Tout le problème est que les écarts de salaires entre pays en voie de développement et pays développés ne sont absolument pas proportionnels aux écarts de productivité, contrairement à la mythologie néolibérale (sinon, on ne voit pas pourquoi il y aurait des délocalisations, étant donnés les coûts de transport). L’existence d’écarts très grands de salaires (de 1 à 20) sans mécanisme régulateur produit forcément un transfert des emplois vers les zones de bas salaires.
En outre, cela met une forte pression sur les salaires (comme le montre le cas de l’Allemagne), condamnant cette partie de l’économie des pays développés à la décroissance. Pire, la partie de l’économie ouverte à la concurrence est en croissance rapide, comme le montrent les délocalisations de certains services (centres téléphoniques, services bancaires…). La décroissance de ces secteurs créé des déficits qui pousse l’Etat à réduire ses dépenses, réduisant plus encore notre potentiel de croissance.
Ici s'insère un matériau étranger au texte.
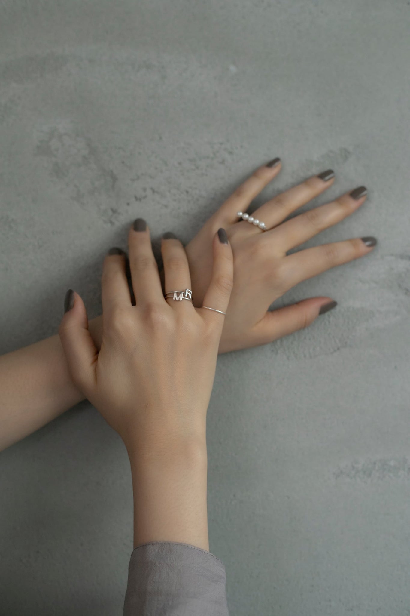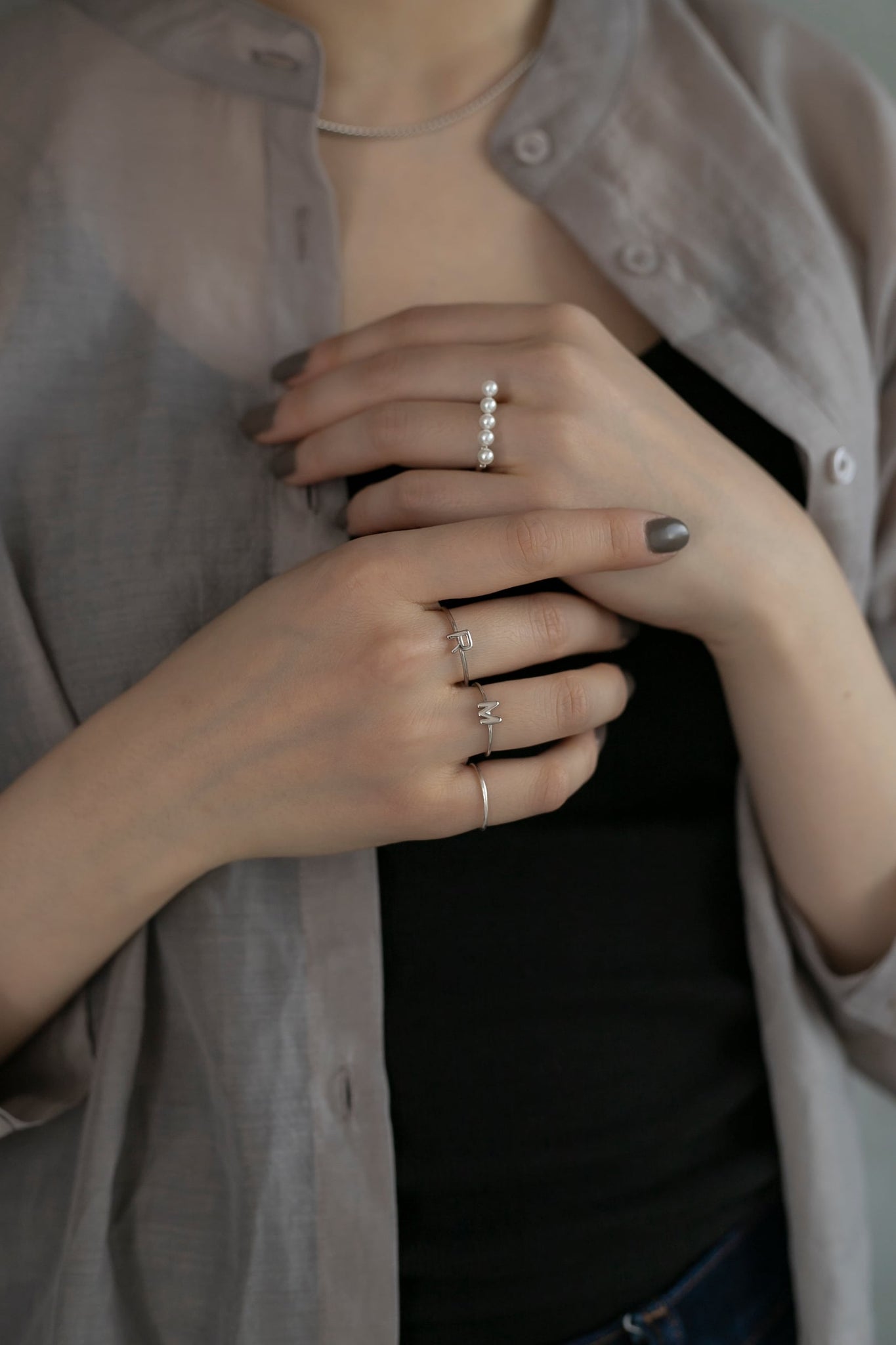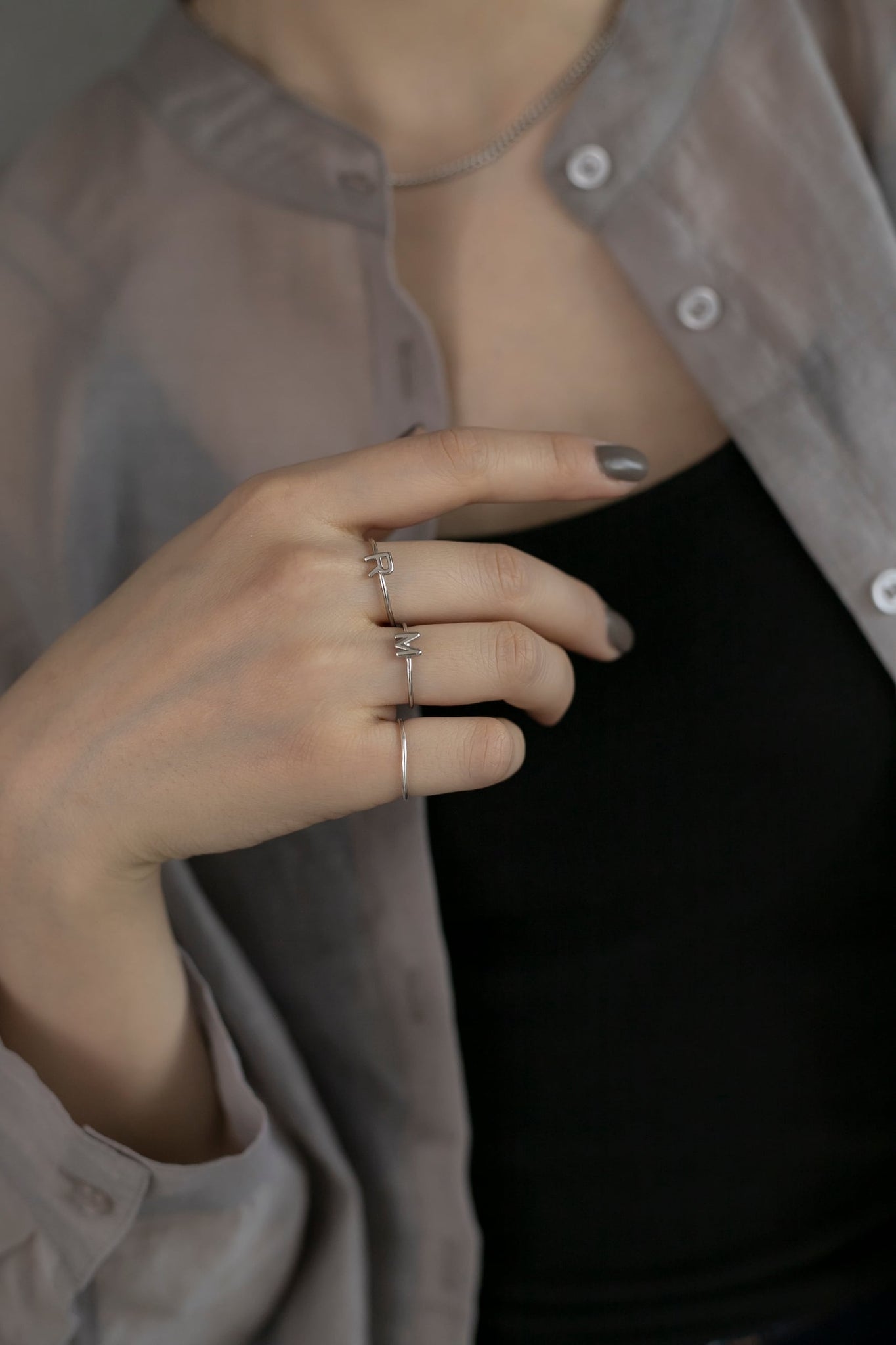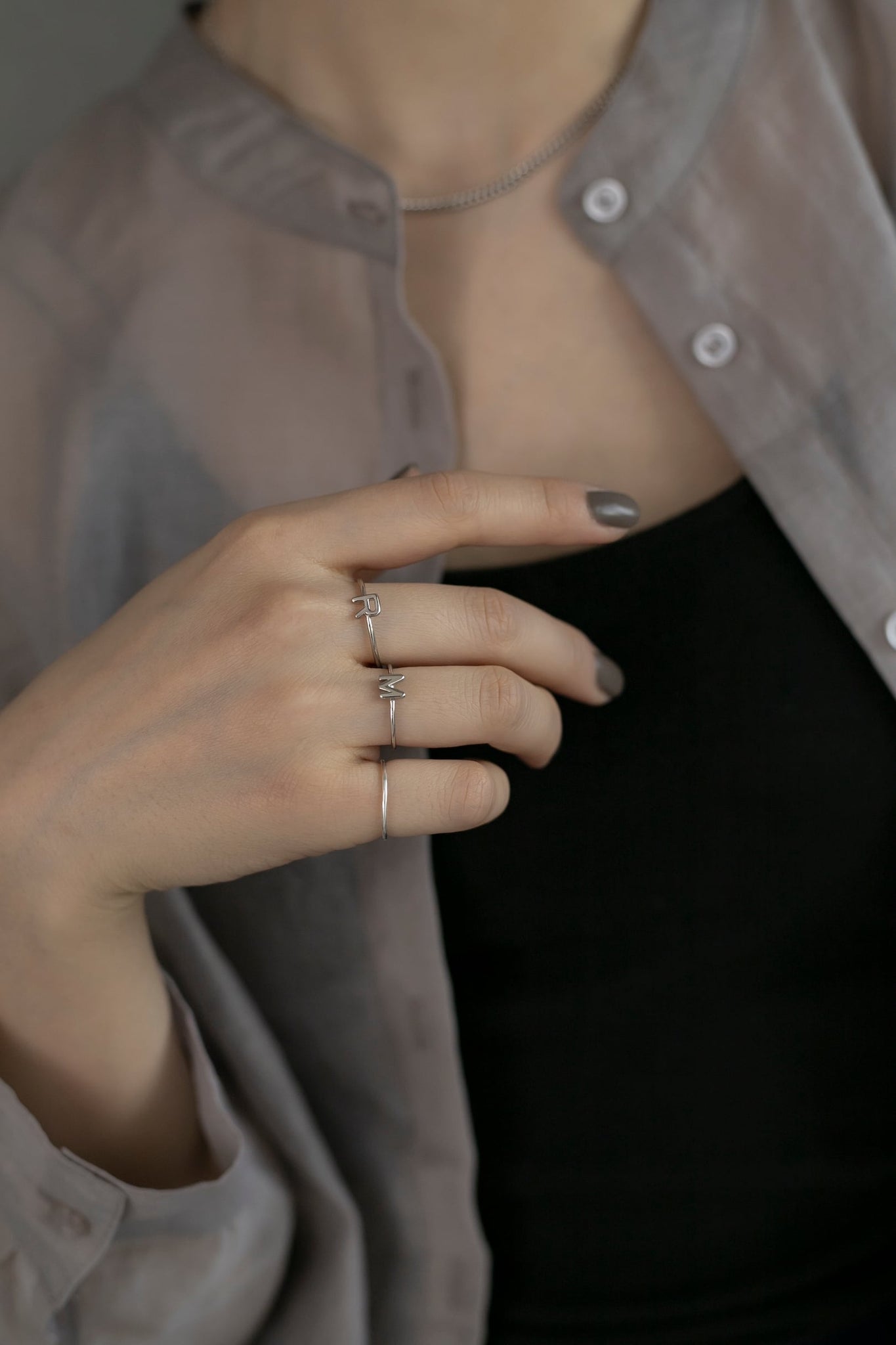 単体ではもちろん、写真のように重ね付けしたり他のリングとミックスしてつけても可愛いイニシャルリングです!
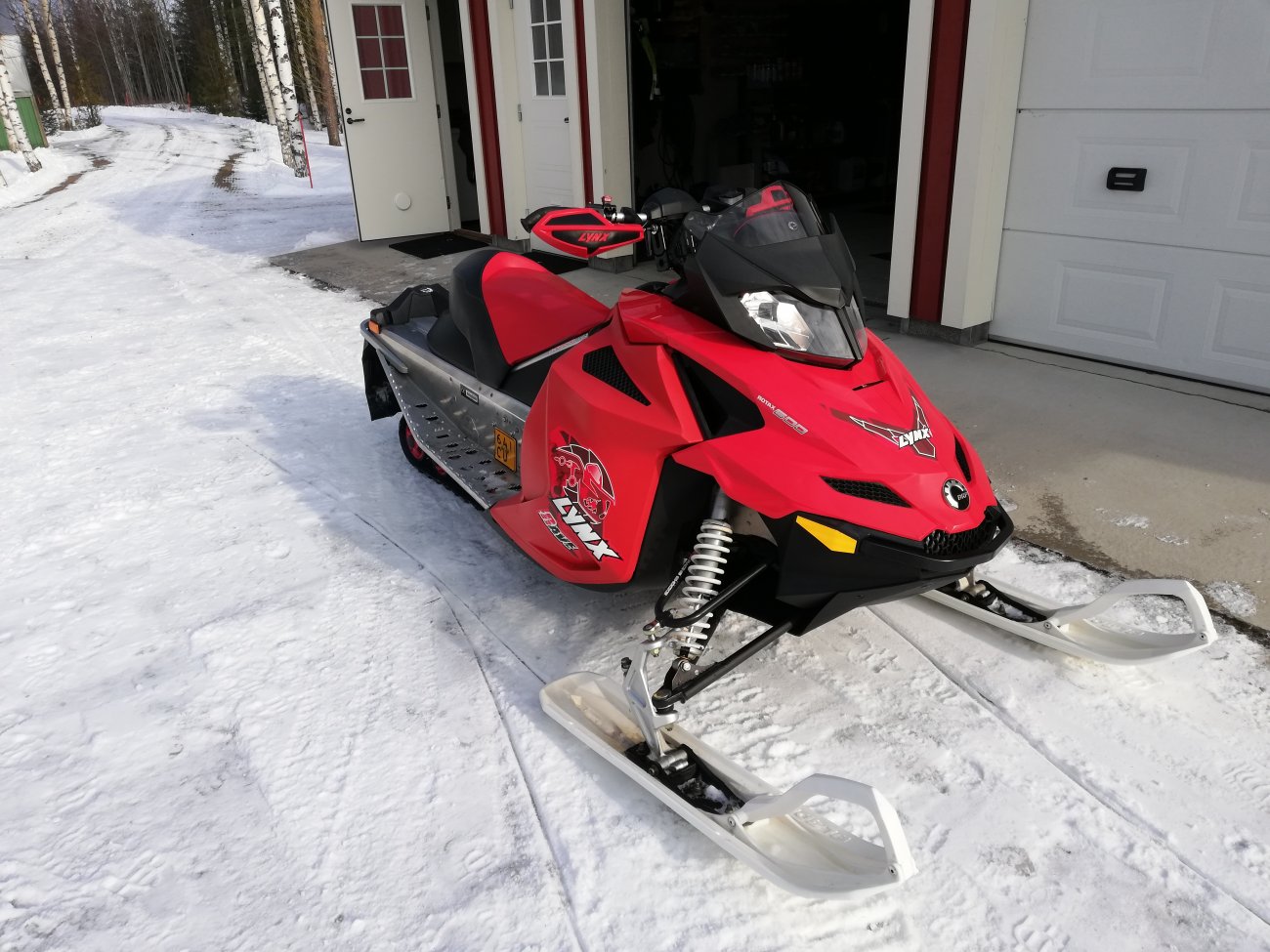 3700 km ajetun helmen löysin enkä malttanut jäättää ostamatta. 503 moottorilla. Hyvä tuolla on ajella monenlaisia ajoja rekihommista touringletkaan. Tarkoitus olisi varustella ukkoa ja kelkkaa ajan henkeen
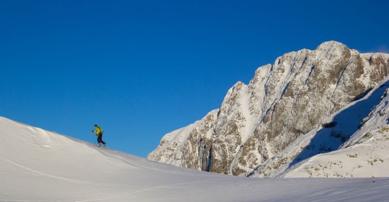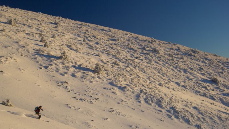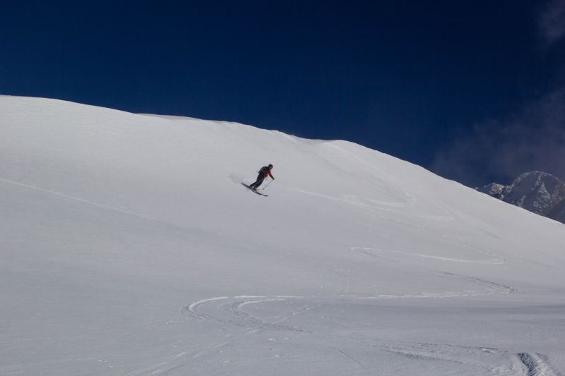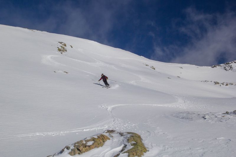 peu de neige mais pour le ski, plusieurs points positifs : neige rapportée densifiée dans les combes sud, neige durcie sur la crête elle-même et peu de cailloux sur le bas de la vn où ce serait inskiable sinon.

Bien sûr, les néolibéraux utilisent la baisse du prix de certains produits pour montrer les bénéfices de l’ouverture commerciale. Mais ce raisonnement est faux : la compression des salaires a été plus forte que la compression des prix, comme le montre la baisse du pouvoir d’achat des classes populaires presque partout. Aux Etats-Unis et en Grande-Bretagne, les ménages n’ont réussi à maintenir leur pouvoir d’achat qu’au prix d’un recours massif au crédit.
La réalité de l’anarchie commerciale c’est une baisse du prix de certains produits, mais ce sont surtout des délocalisations massives, du chômage, une compression des salaires, et, au final, une remise en cause profonde de la possibilité même de croissance des pays dits développés.